RECORD SET:
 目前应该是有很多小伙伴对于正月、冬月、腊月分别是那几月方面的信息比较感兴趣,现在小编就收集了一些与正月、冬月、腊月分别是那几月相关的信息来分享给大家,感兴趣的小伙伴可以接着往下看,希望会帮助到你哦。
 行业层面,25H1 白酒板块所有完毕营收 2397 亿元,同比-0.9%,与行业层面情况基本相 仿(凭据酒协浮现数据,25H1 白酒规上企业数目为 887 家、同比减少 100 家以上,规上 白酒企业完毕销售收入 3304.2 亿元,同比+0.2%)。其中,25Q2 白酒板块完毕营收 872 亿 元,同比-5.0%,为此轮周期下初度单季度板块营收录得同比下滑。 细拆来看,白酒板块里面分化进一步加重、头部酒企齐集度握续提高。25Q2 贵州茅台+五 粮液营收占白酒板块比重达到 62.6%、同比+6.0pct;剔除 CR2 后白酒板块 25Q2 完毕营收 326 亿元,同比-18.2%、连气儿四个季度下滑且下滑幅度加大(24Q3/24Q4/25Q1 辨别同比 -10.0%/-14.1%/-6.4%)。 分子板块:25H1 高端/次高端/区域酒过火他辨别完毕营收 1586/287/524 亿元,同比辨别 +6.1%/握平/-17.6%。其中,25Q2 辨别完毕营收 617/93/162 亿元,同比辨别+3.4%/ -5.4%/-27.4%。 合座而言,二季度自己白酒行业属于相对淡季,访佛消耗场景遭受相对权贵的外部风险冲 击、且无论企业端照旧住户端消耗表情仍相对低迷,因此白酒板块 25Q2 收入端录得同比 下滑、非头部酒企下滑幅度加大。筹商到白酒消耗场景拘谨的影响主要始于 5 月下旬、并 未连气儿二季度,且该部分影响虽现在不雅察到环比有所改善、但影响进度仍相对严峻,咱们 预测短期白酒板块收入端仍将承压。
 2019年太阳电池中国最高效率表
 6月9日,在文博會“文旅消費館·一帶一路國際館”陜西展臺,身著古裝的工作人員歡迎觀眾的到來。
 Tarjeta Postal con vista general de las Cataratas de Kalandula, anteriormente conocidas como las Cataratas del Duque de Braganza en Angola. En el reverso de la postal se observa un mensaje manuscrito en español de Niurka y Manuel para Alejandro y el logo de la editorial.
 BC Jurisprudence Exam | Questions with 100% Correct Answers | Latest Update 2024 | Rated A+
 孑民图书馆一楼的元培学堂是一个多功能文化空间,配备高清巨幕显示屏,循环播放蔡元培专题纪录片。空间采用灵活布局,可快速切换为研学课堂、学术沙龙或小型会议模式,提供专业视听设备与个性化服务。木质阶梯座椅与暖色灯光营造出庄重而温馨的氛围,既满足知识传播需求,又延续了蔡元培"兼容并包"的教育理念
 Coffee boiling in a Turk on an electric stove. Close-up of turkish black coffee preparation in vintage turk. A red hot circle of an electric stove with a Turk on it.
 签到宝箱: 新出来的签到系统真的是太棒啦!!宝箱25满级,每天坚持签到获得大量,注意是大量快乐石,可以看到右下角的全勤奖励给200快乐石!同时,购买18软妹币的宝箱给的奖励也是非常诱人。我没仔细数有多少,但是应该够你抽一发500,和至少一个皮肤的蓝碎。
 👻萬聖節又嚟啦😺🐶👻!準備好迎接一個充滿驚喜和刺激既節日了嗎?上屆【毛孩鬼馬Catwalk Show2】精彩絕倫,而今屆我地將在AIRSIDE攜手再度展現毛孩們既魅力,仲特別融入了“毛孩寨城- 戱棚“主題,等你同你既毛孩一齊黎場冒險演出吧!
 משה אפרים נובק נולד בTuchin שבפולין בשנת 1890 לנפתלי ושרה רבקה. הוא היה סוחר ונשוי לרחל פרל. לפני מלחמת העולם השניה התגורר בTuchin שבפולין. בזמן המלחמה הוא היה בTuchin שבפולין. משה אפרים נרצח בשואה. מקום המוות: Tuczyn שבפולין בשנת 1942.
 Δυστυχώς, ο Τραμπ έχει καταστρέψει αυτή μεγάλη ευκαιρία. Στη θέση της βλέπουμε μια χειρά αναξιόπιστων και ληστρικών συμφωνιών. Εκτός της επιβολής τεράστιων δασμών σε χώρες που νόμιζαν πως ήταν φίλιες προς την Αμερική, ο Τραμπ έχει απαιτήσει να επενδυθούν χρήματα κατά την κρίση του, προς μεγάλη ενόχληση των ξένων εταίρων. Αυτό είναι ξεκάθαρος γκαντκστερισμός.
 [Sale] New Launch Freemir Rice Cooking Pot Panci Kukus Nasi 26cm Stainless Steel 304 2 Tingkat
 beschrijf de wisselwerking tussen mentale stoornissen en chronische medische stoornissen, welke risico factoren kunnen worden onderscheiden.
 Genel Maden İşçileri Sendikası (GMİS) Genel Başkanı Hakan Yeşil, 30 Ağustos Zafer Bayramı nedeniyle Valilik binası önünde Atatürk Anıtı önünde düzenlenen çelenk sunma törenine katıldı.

WORK ITEM:
Each line of the data is to be transcribed exactly, with nothing left out.

EXERCISE OUTPUT:
 目前应该是有很多小伙伴对于正月、冬月、腊月分别是那几月方面的信息比较感兴趣,现在小编就收集了一些与正月、冬月、腊月分别是那几月相关的信息来分享给大家,感兴趣的小伙伴可以接着往下看,希望会帮助到你哦。
 行业层面,25H1 白酒板块所有完毕营收 2397 亿元,同比-0.9%,与行业层面情况基本相 仿(凭据酒协浮现数据,25H1 白酒规上企业数目为 887 家、同比减少 100 家以上,规上 白酒企业完毕销售收入 3304.2 亿元,同比+0.2%)。其中,25Q2 白酒板块完毕营收 872 亿 元,同比-5.0%,为此轮周期下初度单季度板块营收录得同比下滑。 细拆来看,白酒板块里面分化进一步加重、头部酒企齐集度握续提高。25Q2 贵州茅台+五 粮液营收占白酒板块比重达到 62.6%、同比+6.0pct;剔除 CR2 后白酒板块 25Q2 完毕营收 326 亿元,同比-18.2%、连气儿四个季度下滑且下滑幅度加大(24Q3/24Q4/25Q1 辨别同比 -10.0%/-14.1%/-6.4%)。 分子板块:25H1 高端/次高端/区域酒过火他辨别完毕营收 1586/287/524 亿元,同比辨别 +6.1%/握平/-17.6%。其中,25Q2 辨别完毕营收 617/93/162 亿元,同比辨别+3.4%/ -5.4%/-27.4%。 合座而言,二季度自己白酒行业属于相对淡季,访佛消耗场景遭受相对权贵的外部风险冲 击、且无论企业端照旧住户端消耗表情仍相对低迷,因此白酒板块 25Q2 收入端录得同比 下滑、非头部酒企下滑幅度加大。筹商到白酒消耗场景拘谨的影响主要始于 5 月下旬、并 未连气儿二季度,且该部分影响虽现在不雅察到环比有所改善、但影响进度仍相对严峻,咱们 预测短期白酒板块收入端仍将承压。
 2019年太阳电池中国最高效率表
 6月9日,在文博會“文旅消費館·一帶一路國際館”陜西展臺,身著古裝的工作人員歡迎觀眾的到來。
 Tarjeta Postal con vista general de las Cataratas de Kalandula, anteriormente conocidas como las Cataratas del Duque de Braganza en Angola. En el reverso de la postal se observa un mensaje manuscrito en español de Niurka y Manuel para Alejandro y el logo de la editorial.
 BC Jurisprudence Exam | Questions with 100% Correct Answers | Latest Update 2024 | Rated A+
 孑民图书馆一楼的元培学堂是一个多功能文化空间,配备高清巨幕显示屏,循环播放蔡元培专题纪录片。空间采用灵活布局,可快速切换为研学课堂、学术沙龙或小型会议模式,提供专业视听设备与个性化服务。木质阶梯座椅与暖色灯光营造出庄重而温馨的氛围,既满足知识传播需求,又延续了蔡元培"兼容并包"的教育理念
 Coffee boiling in a Turk on an electric stove. Close-up of turkish black coffee preparation in vintage turk. A red hot circle of an electric stove with a Turk on it.
 签到宝箱: 新出来的签到系统真的是太棒啦!!宝箱25满级,每天坚持签到获得大量,注意是大量快乐石,可以看到右下角的全勤奖励给200快乐石!同时,购买18软妹币的宝箱给的奖励也是非常诱人。我没仔细数有多少,但是应该够你抽一发500,和至少一个皮肤的蓝碎。
 👻萬聖節又嚟啦😺🐶👻!準備好迎接一個充滿驚喜和刺激既節日了嗎?上屆【毛孩鬼馬Catwalk Show2】精彩絕倫,而今屆我地將在AIRSIDE攜手再度展現毛孩們既魅力,仲特別融入了“毛孩寨城- 戱棚“主題,等你同你既毛孩一齊黎場冒險演出吧!
 משה אפרים נובק נולד בTuchin שבפולין בשנת 1890 לנפתלי ושרה רבקה. הוא היה סוחר ונשוי לרחל פרל. לפני מלחמת העולם השניה התגורר בTuchin שבפולין. בזמן המלחמה הוא היה בTuchin שבפולין. משה אפרים נרצח בשואה. מקום המוות: Tuczyn שבפולין בשנת 1942.
 Δυστυχώς, ο Τραμπ έχει καταστρέψει αυτή μεγάλη ευκαιρία. Στη θέση της βλέπουμε μια χειρά αναξιόπιστων και ληστρικών συμφωνιών. Εκτός της επιβολής τεράστιων δασμών σε χώρες που νόμιζαν πως ήταν φίλιες προς την Αμερική, ο Τραμπ έχει απαιτήσει να επενδυθούν χρήματα κατά την κρίση του, προς μεγάλη ενόχληση των ξένων εταίρων. Αυτό είναι ξεκάθαρος γκαντκστερισμός.
 [Sale] New Launch Freemir Rice Cooking Pot Panci Kukus Nasi 26cm Stainless Steel 304 2 Tingkat
 beschrijf de wisselwerking tussen mentale stoornissen en chronische medische stoornissen, welke risico factoren kunnen worden onderscheiden.
 Genel Maden İşçileri Sendikası (GMİS) Genel Başkanı Hakan Yeşil, 30 Ağustos Zafer Bayramı nedeniyle Valilik binası önünde Atatürk Anıtı önünde düzenlenen çelenk sunma törenine katıldı.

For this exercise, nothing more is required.